Relying on an examination of 22 tax rulings (out of 66 handed down, all of which were favorable to the companies), the Commission initially characterized the disputed tax scheme as an aid scheme, then, subsequently, it demonstrated that the aid was incompatible with the internal market and, lastly, it demanded the immediate and effective restitution of the aid granted illegally.

  1. The Commission concluded that the excess profits exemption is indeed an aid scheme insofar as:  (i) acts exist based on which the exemption is awarded (implementation and interpretation of the provisions of Article 185 of the Belgian Income Tax Code 1992); (ii) the exemption does not require any additional implementation measures, as the obligation to obtain an individual tax ruling is merely a technical means for implementing the tax scheme; (iii) the tax scheme defines the beneficiaries, as the exemption is limited to entities that form part of “a multinational group of associated companies”.
  2. The Commission declared this aid incompatible with the interior market insofar as all the criteria set out in Article 107 of the Treaty on the Functioning of the European Union have been fulfilled:
    1. Aid granted by a Member State or through State resources: Excess Profit exemption is imputable to the Belgian State and gives rise to a loss of tax resources for Belgium.

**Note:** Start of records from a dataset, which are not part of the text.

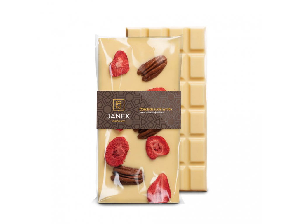 Bílá čokoláda s pekanovými ořechy a lyofilizovanými jahodami.
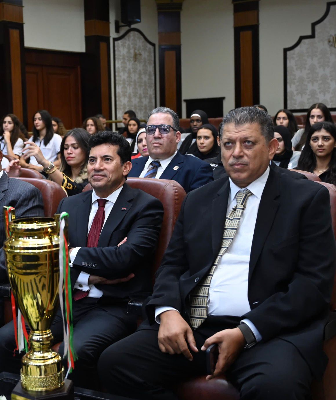 خلال اللقاء، يقوم الوزير أيضًا بتكريم منتخب الشابات لكرة اليد، بعد تتويجهن مؤخرًا بلقب بطولة أفريقيا، تقديرًا للإنجاز الكبير الذي حققنه والمستوى المشرف الذي ظهرن به طوال مشوار البطولة.
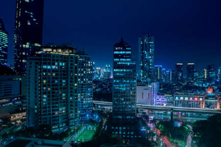 Jakarta, Indonesia - March 15, 2019 : Enjoying and snap a stunning and beautiful photograph from the rooftop at Mega Kuningan Jakarta in the dark
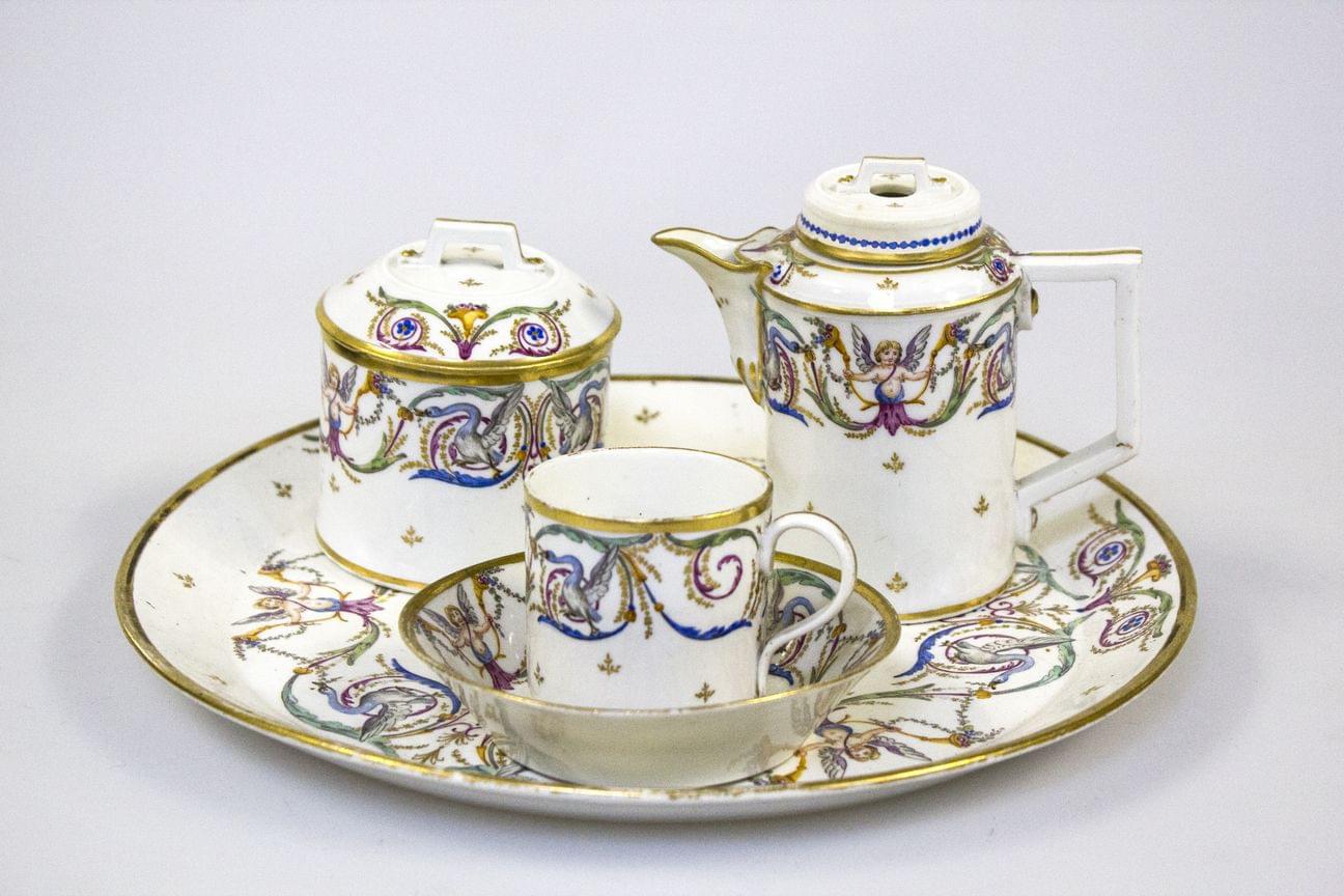 Porcelaine à filets dorés et à décor d'un S sous couronne de fle...
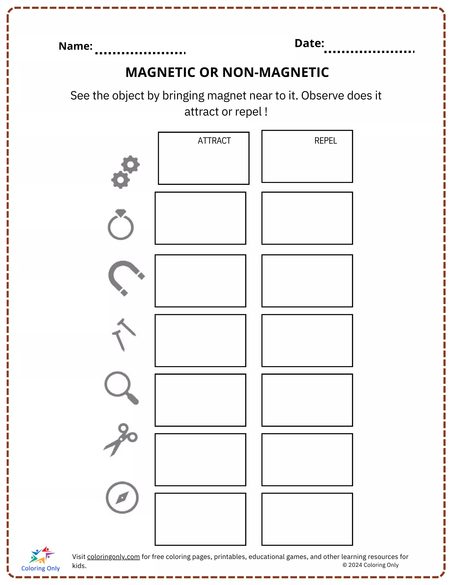 Os alunos aproximarão um ímã dos itens representados na planilha e observarão se os objetos se atraem ou se repelem.
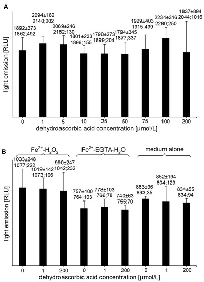 DHAA at concentrations of 1, 5, 10, 25, and 50 µmol/L had no effect on the UPE of the Fe3+-EGTA-H2O2 system (Figure 4A). For the concentrations of 75 and 100 µmol/L, a slight tendency to increase the light emission was noted, while at the DHAA concentration of 200 µmol/L, a tremendous increase in mean UPE (almost 70-times) was found (Figure 4A). DHAA at concentrations of 1 and 200 µmol/L also increased the light emission from Fe3+-H2O2 (p < 0.05) but had no effect on other controls (Fe3+-EGTA or medium alone) (Figure 4B).
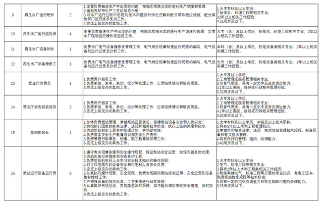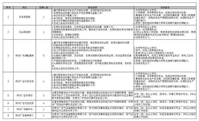 河北雄安人力資源服務有限公司根據工作需要,現面向社會公開招聘業務外包員工。工作地點在雄安新區,從事公司運營管理、供水廠運營管理、再生水廠運營管理、泵站運營管理和管網客服管理相關工作。

    2. Aid that affects trade between Member States: insofar as the exemption may be granted only for profits derived from a new situation, which entails that the company’s activities will be relocated or increased in Belgium, the tax scheme is likely to influence the choices made by multinationals regarding the location of their investments within the European Union and, therefore, to affect trade within the European Union.
    3. Aid that threatens to distort competition: this tax scheme relieves the beneficiary companies from a burden they would otherwise be obliged to bear and, therefore distorts competition by strengthening these companies’ financial positions as compared with other companies.
    4. Aid that favors certain companies – “existence of a selective advantage:  the exemption regime confers a selective advantage on the Belgian entities members of a multinational group by unilaterally reducing their tax base and by lowering their taxes due in relation to the taxes these companies would have been required to pay pursuant to the corporate income tax under ordinary law in Belgium.  The Commission did not accept Belgium’s justification, which is that this advantage prevents potential double taxation.  Quite to the contrary, the Commission concluded that, insofar as the tax scheme grants a unilateral exemption in advance, without it being necessary for the exempted profit to have been or to be included in the tax base of an associated foreign group entity in another Member State, this tax scheme clearly goes beyond what is necessary and proportionate to fulfill the objective of avoiding double taxation.
  3. Pursuant to Regulation 2015/1589, the Commission requires Belgium to recover all taxes not paid by the multinationals that benefited from the unlawful tax scheme.  The Commission concluded that the Belgian authorities could not assert the principle of “legitimate expectation” insofar as, according to the case-law of the Union courts, a Member State which has illegally granted aid cannot plead the legitimate expectation of aid beneficiaries’ to avoid the obligation of taking measures necessary for recovering the aid.  The Commission also rejected the principle of legal certainty on the grounds that the excess profits exemption constitutes a deviation from the arm’s length principle.  Lastly, the Commission had no difficulty in quantifying the aid to be paid back:  the amount is the difference between the tax actually paid and the amount which should have been paid if the generally applicable rule had been applied, plus the cumulated interest on such amount as of the date on which the aid was granted.  After two months of negotiations with the Commission, last March 22, Belgium officially appealed the Commission’s decision to the EUCJ, stating that it wished to file an application to suspend the recovery of these taxes until the EUCJ holds a decision.  Beyond the legal arguments and those based on tax justice, one can easily see how difficult it will be, both judicially and economically, for Belgium to recover these very large sums from the multinationals to which Belgium granted a theoretically long-lasting, preferential tax status.